I am trying to setup a reinforcement learning project using Gym & kears_rl.
Description:
Given a numbers in a range (100, 200)
, I want the agent to alert me when a number is close to the limits, lets say between 0%-10%
and 90%-100%
of the quantiles.
Reward:
sample in quantile (0, 0.1), reward is (+1)
sample in quantile (0.1, 0.9), reward is (-1)
sample in quantile (0.9, 1), reward is (+1)
The agent need to learn the 10% & 90% limits values.
low = np.array([100])
high = np.array([200])
self.action_space = spaces.Box(low=low, high=high, dtype=np.intt32)
self.observation_space = spaces.Box(low=low, high=high, dtype=np.int32)
main.py info:
if __name__ == '__main__':
env = Env(max_steps=100)
nb_actions = env.action_space.shape[0] # equal to 100
model = Sequential()
model.add(Flatten(input_shape=(1,) + env.observation_space.shape))
model.add(Dense(8, activation='relu'))
model.add(Dense(8, activation='relu'))
model.add(Dense(2, activation='softmax'))

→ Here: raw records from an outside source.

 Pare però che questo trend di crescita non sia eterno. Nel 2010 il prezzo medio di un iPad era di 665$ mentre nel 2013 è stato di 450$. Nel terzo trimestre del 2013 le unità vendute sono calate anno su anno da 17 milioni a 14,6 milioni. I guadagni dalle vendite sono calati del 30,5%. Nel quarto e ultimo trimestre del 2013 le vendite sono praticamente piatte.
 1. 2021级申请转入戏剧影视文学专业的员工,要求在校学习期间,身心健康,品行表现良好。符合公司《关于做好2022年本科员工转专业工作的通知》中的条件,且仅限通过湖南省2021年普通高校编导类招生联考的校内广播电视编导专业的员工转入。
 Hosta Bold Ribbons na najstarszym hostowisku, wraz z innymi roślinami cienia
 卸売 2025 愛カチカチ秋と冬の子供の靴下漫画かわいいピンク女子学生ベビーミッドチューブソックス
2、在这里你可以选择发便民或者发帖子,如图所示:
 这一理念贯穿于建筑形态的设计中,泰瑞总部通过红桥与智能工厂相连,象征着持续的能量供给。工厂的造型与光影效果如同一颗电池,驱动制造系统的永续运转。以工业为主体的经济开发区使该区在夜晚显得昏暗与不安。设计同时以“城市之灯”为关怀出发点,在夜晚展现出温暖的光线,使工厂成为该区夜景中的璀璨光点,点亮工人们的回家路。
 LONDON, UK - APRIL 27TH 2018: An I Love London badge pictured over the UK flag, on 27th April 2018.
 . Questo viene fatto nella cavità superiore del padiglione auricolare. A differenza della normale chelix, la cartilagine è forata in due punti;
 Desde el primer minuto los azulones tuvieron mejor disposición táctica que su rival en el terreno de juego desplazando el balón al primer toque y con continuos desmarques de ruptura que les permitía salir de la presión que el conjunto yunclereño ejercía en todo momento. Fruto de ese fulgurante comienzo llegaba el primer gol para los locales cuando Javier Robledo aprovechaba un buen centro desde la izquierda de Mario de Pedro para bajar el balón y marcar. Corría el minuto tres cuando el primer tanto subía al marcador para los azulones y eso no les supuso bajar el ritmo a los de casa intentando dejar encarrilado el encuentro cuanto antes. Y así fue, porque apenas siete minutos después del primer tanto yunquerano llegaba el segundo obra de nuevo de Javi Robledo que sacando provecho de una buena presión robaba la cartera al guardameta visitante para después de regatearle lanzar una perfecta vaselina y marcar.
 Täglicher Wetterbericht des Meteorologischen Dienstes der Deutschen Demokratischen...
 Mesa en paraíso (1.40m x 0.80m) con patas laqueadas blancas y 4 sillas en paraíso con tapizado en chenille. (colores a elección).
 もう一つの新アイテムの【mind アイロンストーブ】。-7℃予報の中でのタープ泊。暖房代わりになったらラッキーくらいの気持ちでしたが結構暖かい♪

memory = SequentialMemory(limit=50000, window_length=1)
policy = BoltzmannQPolicy()
# Create DQN agent
dqn = DQNAgent(model=env.model,
memory=memory,
policy=policy,
nb_actions=nb_actions,
nb_steps_warmup=10,
target_model_update=1e-2)
# Compile the DQN agent
dqn.compile(Adam(lr=1e-3), metrics=['mae'])
# Okay, now it's time to learn something!
dqn.fit(env, nb_steps=50000, visualize=False, verbose=1)
Questions\issues:
On the fit function (rl/core.py:169), the action I get equal to zero. it should be between [100, 200]. Why is that? I expect the action to be within the action_space but I see that all policies return a value of 0 or 1. How I suppose to use the value in the env.step() func?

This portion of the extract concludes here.